▸ Data section:
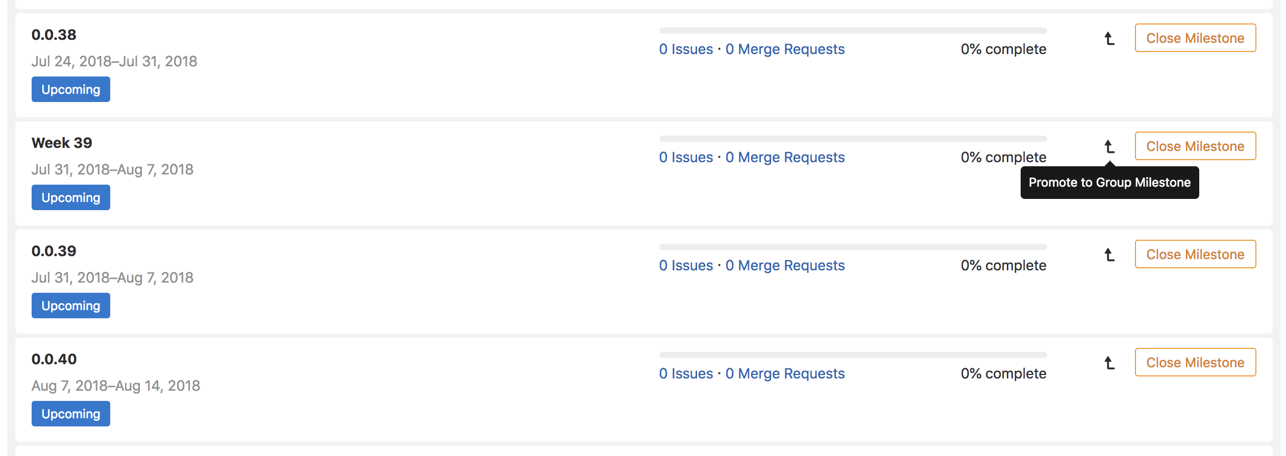 If you are expanding the number of projects in a group, you might want to share the same milestones among this group's projects. You can also promote project milestones to group milestones in order to make them available to other projects in the same group.
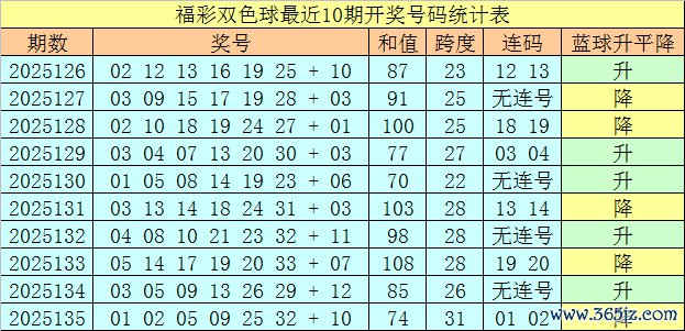 上期开奖:福彩双色球第2025135奖号开出:01 02 05 09 25 32 + 10,红球号码和值为74,首尾间距为31,包含连号:01 02。
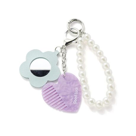 持ち歩きに便利なミラーとコームがセットになったストラップ。
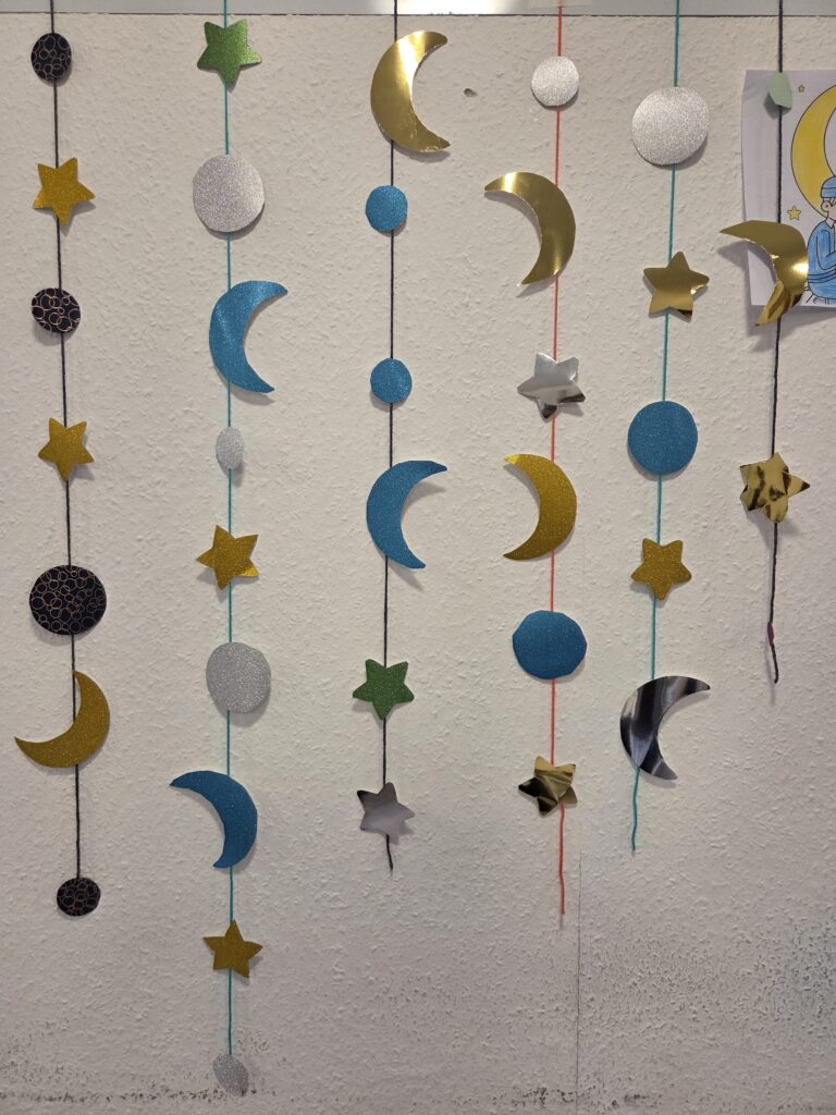 In der darauffolgenden Woche stand das Basteln von Fenster- und Wanddekorationen auf dem Programm. Ziel war es, ein Stück der fröhlichen Stimmung mit nach Hause zu geben. Mit viel Geduld und Eifer gestalteten die Kinder bunte Ornamente und nahmen ihre selbstgemachten Dekorationen stolz mit in ihre Wohnungen. Besonders bereichernd war an diesem Tag die Unterstützung von zwei Bewohner_innen aus den Unterkünften muslimischen Glaubens, die sich ehrenamtlich einbrachten und die Kinder beim Basteln begleiteten. Ihr Engagement war nicht nur für die Kinder eine große Hilfe, sondern hatte auch für sie selbst eine besondere Bedeutung. Im anschließenden Austausch meldeten sie zurück, wie wertschätzend sie die Aktion erlebt haben und wie gut es ihnen getan hat, nicht immer nur in der Rolle der Hilfesuchenden zu sein, sondern selbst aktiv unterstützen und helfen zu können. Wir konnten gemeinsam eine lebendige und kreative Zeit erleben, in der sowohl Fasching als auch der Beginn des Ramadan ihren Platz fanden und wertschätzend miteinander verbunden wurden.

▸ The task:
Both boundary lines included, write out word for word only the lines above from the one containing "上期开奖:福彩双色球第2025135奖号开出:01 02 05" to the one containing "持ち歩きに便利なミラーとコームがセットになったストラップ。", leaving out any pictures.

▸ Exercise result:
 上期开奖:福彩双色球第2025135奖号开出:01 02 05 09 25 32 + 10,红球号码和值为74,首尾间距为31,包含连号:01 02。
 持ち歩きに便利なミラーとコームがセットになったストラップ。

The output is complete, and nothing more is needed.